= Adolf Herz =

Austrian-Swiss engineer and inventor

Adolf Herz (1862 in Nový Jičín – 1947 in Lucerne) was an Austrian-Swiss engineer and inventor. He co-designed one of the first modern blood pressure monitors.

==Life==
Herz was born as son of a well-to-do brewery owner. After completing the Realschule in Brno, he studied mechanical engineering at the k&k Technische Hocshschule in Vienna, where he eventually settled down and obtained "das Bürgerrecht". He opened a werkstatt to produce some of his inventions, mainly related to automobiles, which then were in their infancy. He invented a much improved sparkplug, and a more effective shock absorber.

Together with his brother Max, a cardiologist and Privatdozent, he designed one of the first modern blood pressure monitors. He also became active as an amateur photographer, and in general participated in the typical Viennese "Kaffeehaus" culture, in the Kaffeehaus Central.

From 1905 to 1913 Adolf Herz lived in New York City, where he helped his younger brother Leopold set up a business exploiting his personal inventions in the United States.

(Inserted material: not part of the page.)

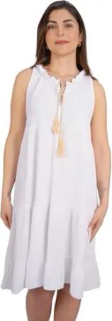 Ärmelloses Damen Musselin Kleid Mini Midi 100% Baumwolle mit Tasseln, Leicht & Locker, One Size - Buki (weiß)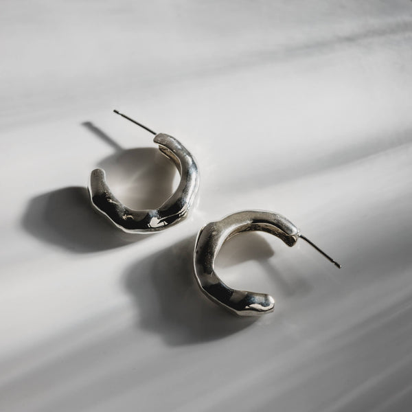 Loved best for their chunky aesthetics, the Rocha Hoops have been subtly hollowed out on the inside, ensuring that despite their size, they are incredibly comfortable to wear. A staple piece, the Rocha Hoops have been a customer favourite since their launch. The Sterling Silver Rocha Hoops have been hand-carved with an organic texture, but finished with a high-polish shine to create the perfect minimal yet eye-catching look.

In 1918, after the end of World War I and the end of the Habsburg monarchy, Herz left Austria for Switzerland with an Austrian passport. His wife, May Priggen, who had worked for him in Vienna, and was born there as a British subject, followed him to Switzerland. They first lived in Lugano, Hertenstein, and Weggis, while searching for employment. He had lost much of his investments during the postwar economic crisis and the hyper inflation in Austria, and the rest due to the fraudulent bankruptcy of the Austrian Bank.